Sir Sydney Castle Roberts (3 April 1887 – 21 July 1966) was a British author, publisher and university administrator. He was a well-known and popular figure around Cambridge throughout his life, and was recognised as a publisher of skill and distinction.

Early years 
Roberts was born in Birkenhead, the son of Frank Roberts, a civil engineer. He attended Brighton College and Pembroke College, Cambridge. During World War I, he served as a lieutenant in the Suffolk Regiment and was wounded in the Third Battle of Ypres.

Career 
He was Secretary of Cambridge University Press from 1922 to 1948, Master of Pembroke College, Cambridge from 1948 to 1958, Vice-Chancellor of University of Cambridge from 1949 to 1951, and Chairman of the British Film Institute from 1952 to 1956. He was an author, publisher and biographer and a noted Sherlockian, being president of the Sherlock Holmes Society of London. According to Jon Lellenberg, Roberts is responsible for the popularisation of the Sherlockian game of criticism.
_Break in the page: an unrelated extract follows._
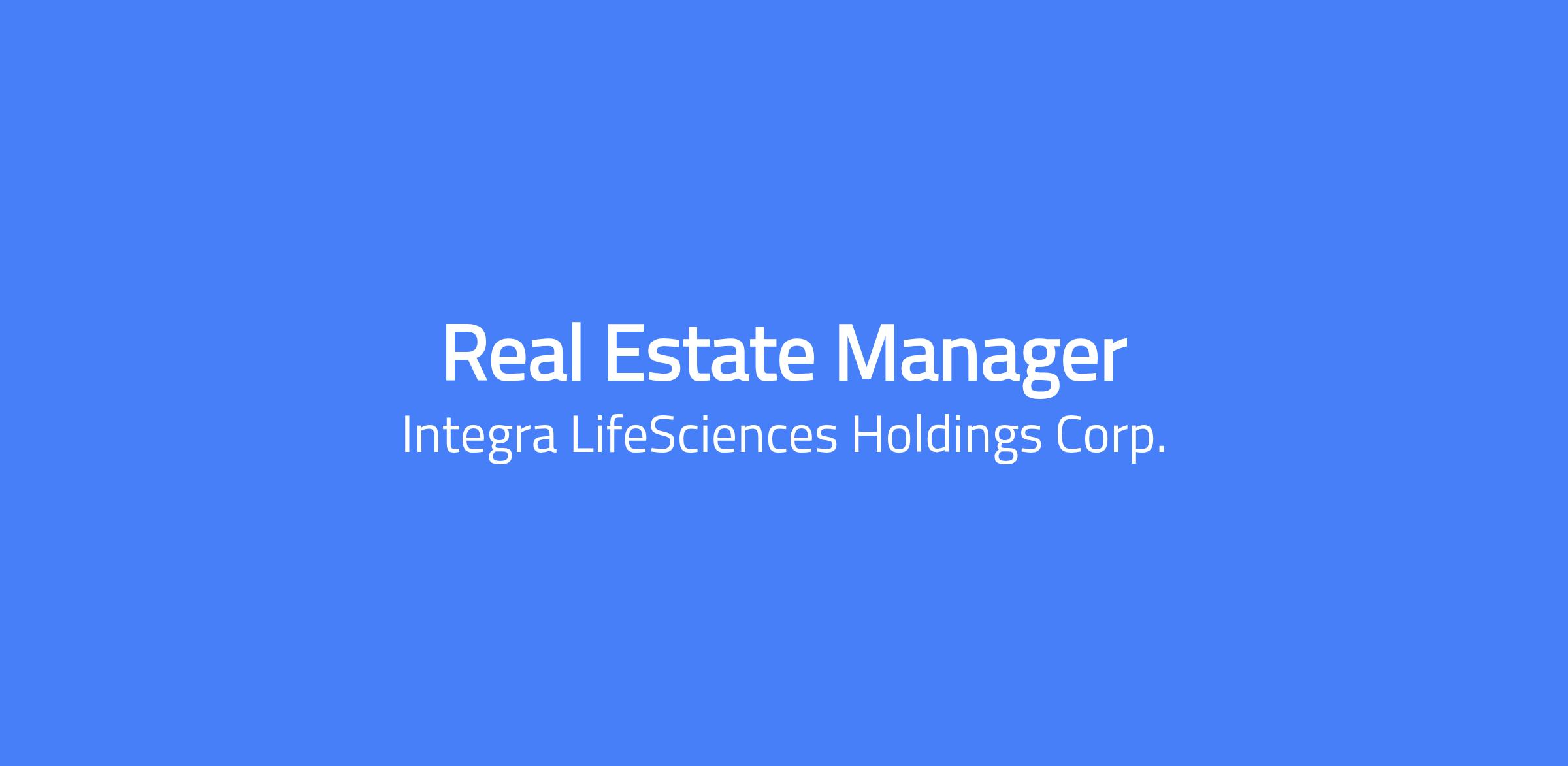 Changing lives. Building Careers. Joining us is a chance to do important work that creates change and shapes the future of healthcare. Thinking differently is what we do best. To us, change equals opportunity. Every day, our colleagues are challenging whatâs possible and making headway to innovate new treatment pathways to advance patient outcomes and set new standards of care. The Real Estate Manager is responsible for overseeing Integraâs real estate portfolio including offices, high-tech R&D laboratories and manufacturing facilities throughout the globe. This role will oversee the companyâs portfolio of real estate leases and own facilities ensuring adherence to company policies and procedures. The role will be responsible for maintaining the real estate portfolio to enable and support strategic decision making, expansion, consolidation, or facility life cycle. The specialist will strategically interact with leadership, finance, procurement, brokers, agents and landlords ensuring the best possible outcome for the company. REPORTING & MANAGEMENT SCOPE SUPERVISION RECEIVED Under direct supervision of Director Global Facilities Engineering SUPERVISION EXERCISED Supervision of contractors / vendors as needed based on project workload. KEY RESPONSIBILITIES Collaborate with internal stakeholders, including property/finance managers, occupancy team, business continuation team, legal, and finance teams. Serve as a point of contact regarding lease-related inquiries, issues, and requests for information, ensuring timely and accurate responses to inquiries. Work closely with Landlords and Finance Managers to ensure an accurate understanding of annual reconciliations - make necessary payments to Landlords. Ability to understand and interpret complex commercial lease terminology (base rent, operating expenses, commencement date, rent commencement date, real estate tax, insurance obligations, etc.) Maintain accurate and up-to-date information regarding lease agreements, including lease terms, options, rental rates, expiration dates, and tenant details into the said database. Input Lease information and documentation into Lease Real Estate Management database. Other administration tasks, such as lease abstraction, critical dates reporting and document management (both physical and electronic). Generate reports and perform analysis on lease portfolio performance, including lease expirations, occupancy rates, lease obligations, and financial metrics. Develop actionable and accessible dashboards and reports, leveraging data visualization tools (i.e. Tableau or similar) for presentations to Senior Management. Ensure compliance with regulatory requirements and internal policies, including lease accounting standards (e.g., ASC 842), lease abstraction standards, and data privacy regulations. Support lease negotiations by providing accurate lease data. Initiate purchase orders to facilitate monthly rent payments. Ensure monthly rent payments are accurate and make appropriate adjustments to purchase orders. Oversight and Monitoring of Property Taxes for owned properties. Knowledge of Oracle/iProc Partner with technical finance to properly summarize and record lease data/cost and cashflow Evaluate and implement technology solutions, such as real estate database software or lease administration platforms, to enhance lease administration processes, improve data integrity, and increase operational efficiency. Demonstrate a strong work ethic, dependability, accountability, and responsibility, coupled with high organizational skills; capable of multitasking, meeting deadlines, and working under pressure while maintaining a professional attitude; self-motivated and proactive, showing initiative without direct supervision. Demonstrate strong written and verbal communication skills, adept at managing multiple inquiries with time-sensitive deadlines; possesses excellent organizational, time management, and communication skills. Participate in cross-functional project teams involving internal departments, external vendors, and customers. Perform other related duties as required. REQUIRED SKILLS & MINIMUM QUALIFICATIONS Education Bachelorâs degree or equivalent experience required. Experience 3-5+ years of experience with real-estate and/or real-estate transaction experience required. Proven ability to manage multiple projects simultaneously. Experience leading cross-functional teams and presenting to senior leadership. Demonstrated flexibility, multitasking, and high performance in dynamic environments. Skills & Competencies Strong organizational and communication skills. Proficiency in MS Office Suite and statistical analysis software. Self-motivated team player with ability to work independently and collaboratively across all levels of the organization. Tools And Equipment Used This role requires regular use of tools and equipment relevant to the work environment. Examples include: General office equipment: Computers, printers, copiers, fax machines, and telephone communication systems. Finance and Lease electronic systems such as Oracle and CoStar Electronic signature systems and requirements Additional tools may vary depending on the specific function PHYSICAL REQUIREMENTS The physical requirements listed below represent the motor and physical abilities necessary to successfully perform the essential duties of this position. In accordance with the Americans with Disabilities Act (ADA), reasonable accommodations may be made to enable individuals with disabilities to perform these duties. While performing the responsibilities of this role, the employee is expected to: Sit, listen, speak, and move throughout various areas of the building. Travel across all company locations as needed. Periodically lift and/or move items up to twenty-five pounds. Travel domestically and internationally via car, train, or airplane, as required by the role. ADVERSE WORKING CONDITIONS There are no adverse working conditions associated

He was knighted in 1958.

The National Portrait Gallery holds three photographic portraits of Roberts by Elliott & Fry, made in 1949.

Personal life

He married, firstly, Irene Wallis (died 1932), daughter of Arnold Joseph Wallis, Fellow of Corpus Christi College, Cambridge. They had two daughters and a son. After her death, in 1938, he married a second time to Marjorie Dykes, widow of Dr Meredith Blake Robson Swann. Roberts was stepfather to Hugh Swann, cabinet maker to Queen Elizabeth II, and of Michael Swann, former chairman of the BBC.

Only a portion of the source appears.